1. Equation 20, i.e. $P=\dfrac{B+C}{2r}$ is the outcome of special case (i.e. l=1, m=0, n=0)

But in Page 156, Article 517, Maxwell says: "We can now eliminate P, and find the general value of $\dfrac{dX}{ds}$" and uses this formula (i.e. $P=\dfrac{B+C}{2r}$) in the general case.

However in the general case, where 0 < l, m, n < 1, and hence $$\dfrac{d^{2}X}{dsds'}=l\left( \frac{dP}{ds'}\xi^{2}-\dfrac{dQ}{ds'}+(B+C)\dfrac{l'\xi}{r}\right) +m(...)+n(...)\neq0$$ (since direction of X is not in the direction of ds)

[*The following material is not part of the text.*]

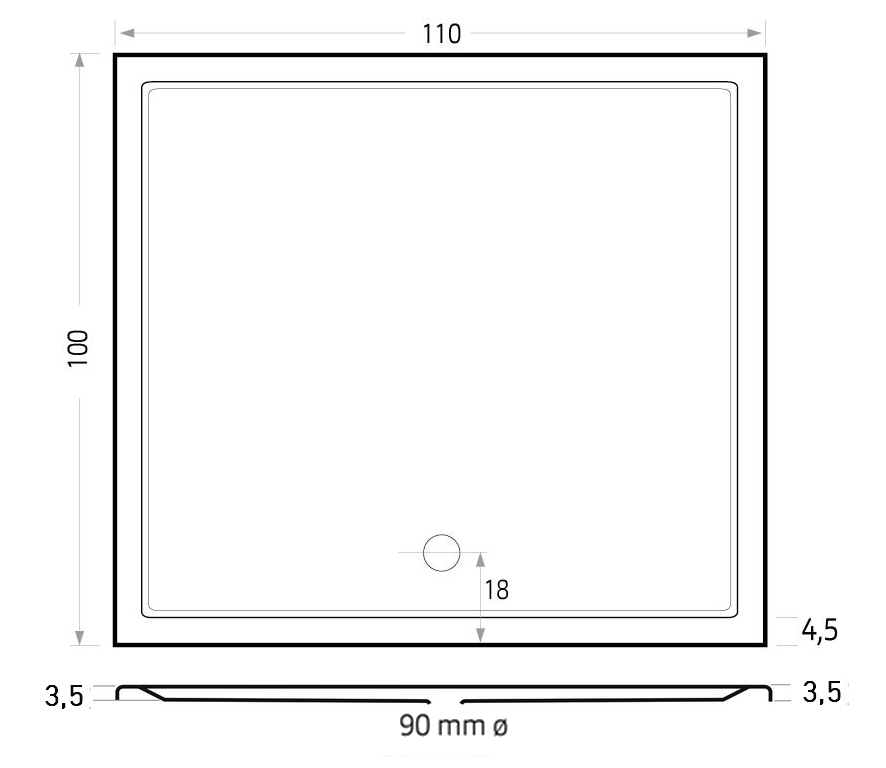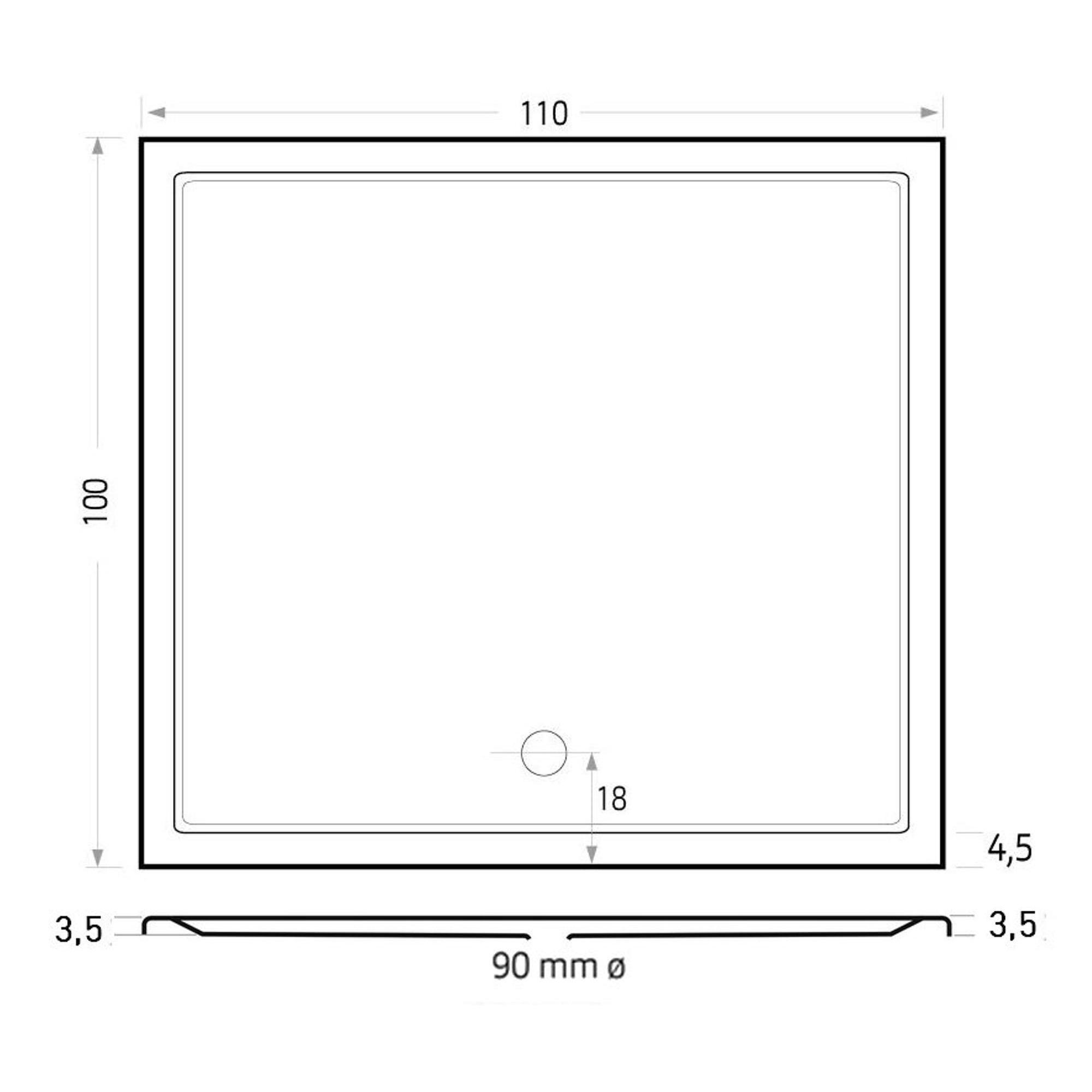 Xenz Mariana douchebak 110x100x4cm rechthoek Acryl Ebony

therefore, $$\dfrac{dX}{ds}=l\left[ (P\xi^{2}-Q)_{(s',0)}-\int\limits_0^s' (2Pr-B-C)\dfrac{l'\xi}{r}ds'\right] +m\int\limits_0^s'(...)ds'+n\int\limits_0^s'(...)ds'$$ Now in this general case, how can we get $P=\dfrac{B+C}{2r}$.

If $P\neq\dfrac{B+C}{2r}$ in general case, what does Maxwell mean by "We can now eliminate P, and find the general value of $\dfrac{dX}{ds}$"

2. How can one get equation 21 from equation 15. Please give a lengthy derivation.

Answer 1

ANSWER TO QUESTION 1. The distance $r$ between two points P and P' in space does not depend on the frame $Oxyz$. It's invariant.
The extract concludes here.